Member of the Pennsylvania House of Representatives from the 84th district
- In office January 3, 1995 – November 30, 2006
- Preceded by: Alvin Bush
- Succeeded by: Garth Everett

Republican Whip of the Pennsylvania House of Representatives
- In office April 15, 2003 – November 30, 2004
- Preceded by: Sam Smith
- Succeeded by: Dave Argall

District Attorney of Lycoming County
- In office 1984–1992
- Preceded by: Kenneth Brown
- Succeeded by: Tom Marino

Personal details
- Born: May 21, 1954 (age 72) Danville, Pennsylvania
- Party: Republican
- Spouse: Gwendolyn

= Brett Feese =

American politician

Brett O. Feese (born May 21, 1954) is a former Republican member of the Pennsylvania House of Representatives.

He is a 1972 graduate of Montoursville High School. He earned a degree from Indiana University of Pennsylvania in 1976 and a J.D. from the Dickinson School of Law in 1979.

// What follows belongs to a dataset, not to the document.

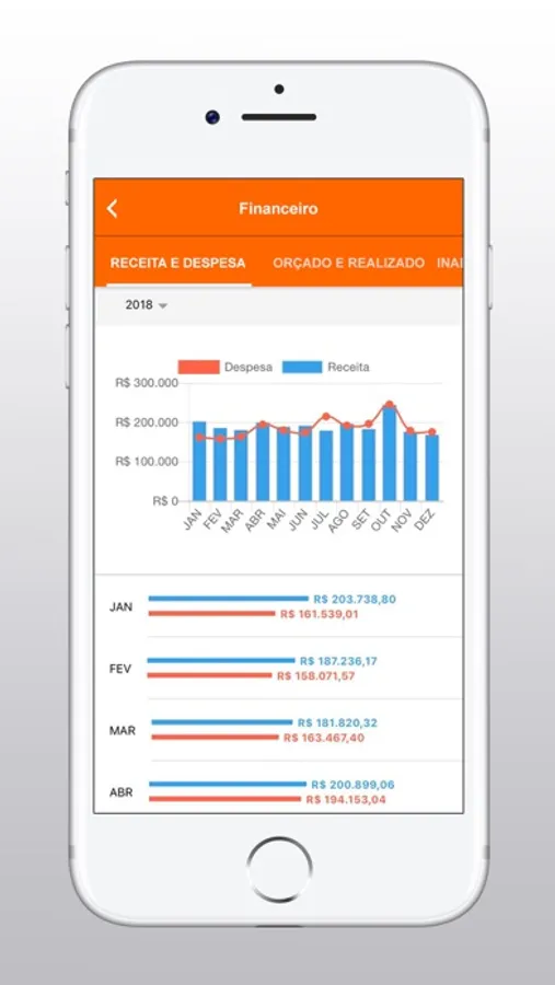 - comparativo de orçado versus realizado (gráficos e detalhamento)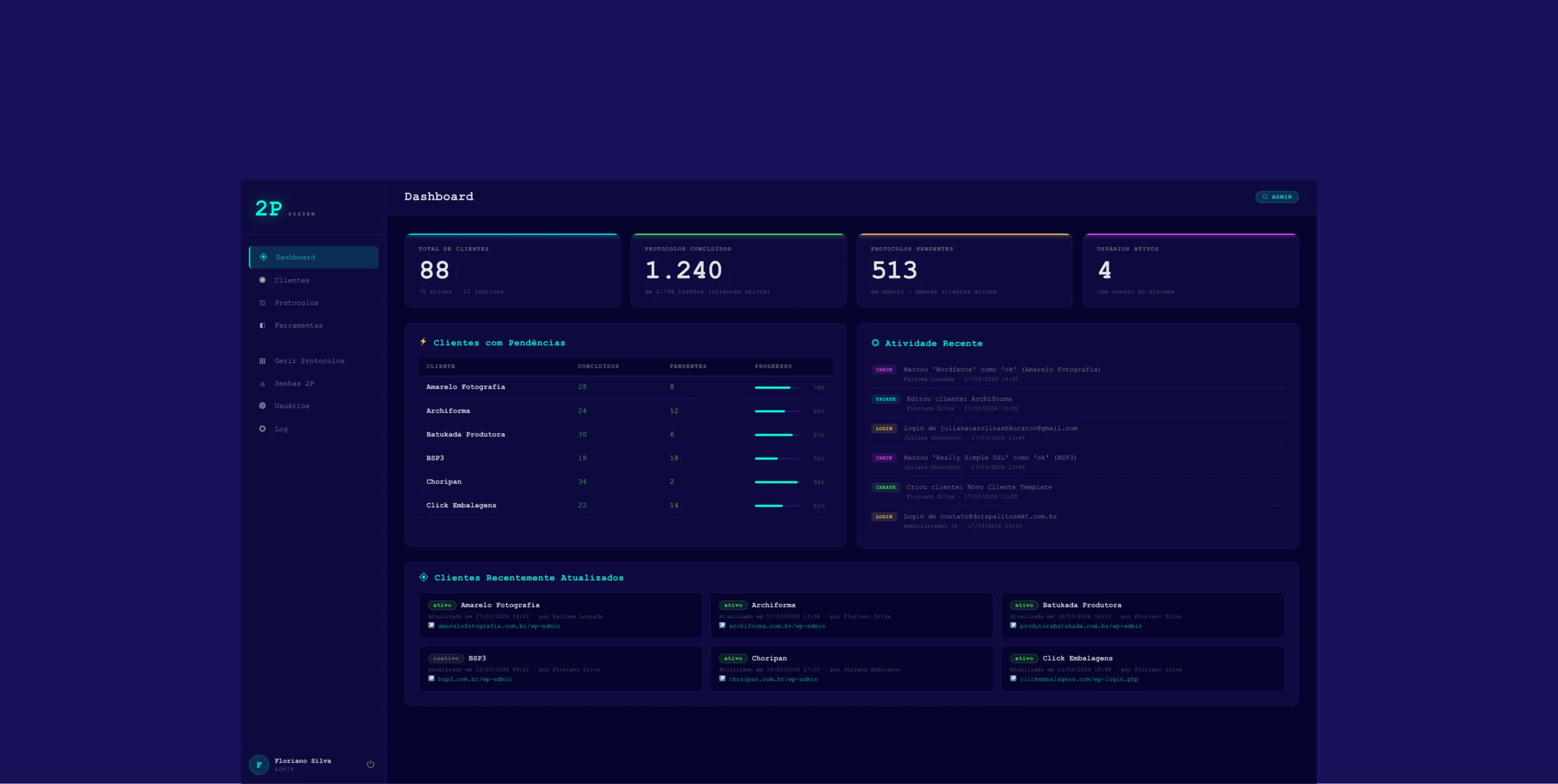 | Feature | Precisava adicionar protocolos sem atualizar cliente por cliente | Criada Gestão Global com propagação automática | Novo protocolo propagado para todos os clientes ativos de uma vez |

He served as District Attorney of Lycoming County, Pennsylvania. He was first elected to represent the 84th legislative district in 1994. Feese retired prior to the 2006 Pennsylvania House of Representatives election.

He was considered a possible Republican successor for Don Sherwood's congressional seat, should Sherwood retire.

==Indictment==
Brett O. Feese was the Republican House Caucus legal counsel immediately prior to his indictment for his role in Computergate by the Pennsylvania Statewide Investigative Grand Jury.
On November 8, 2011, Feese was found guilty by a Dauphin County jury on all 40 counts. (11-9-11 Williamsport Sun-Gazette, p. A-1 and A-5).

Along with John Perzel, and several others, Republican PA House Caucus legal counsel Feese was indicted on November 12, 2009, on 62 counts of participating in the 2006 Pennsylvania General Assembly bonus controversy also known as Computergate, a scheme that used state funds for private political campaigning.<Pittsburgh Post-Gazette reference>

On February 10, 2012, Dauphin County judge Richard Lewis sentenced Republican House Caucus legal counsel Feese to 4 to 12 years in state prison, an additional 2 years of probation, a $25,000.00 fine, and $1,000,000.00 in restitution for his role in the corruption scandal. Feese remained free on bail and was ordered to report to prison on February 28, 2012 to begin serving his state prison sentence if denied appeal bail by the appellate courts. (2-11-12 Williamsport Sun-Gazette, p. A-1 and A-5).

Feese surrendered his law license in November 2014 to the Pa. Lawyer Disciplinary Board almost 3 years after he had been sentenced to state prison.

Brett O. Feese is tentatively scheduled to be released on parole from SCI-Waymart on Sunday June 26, 2015.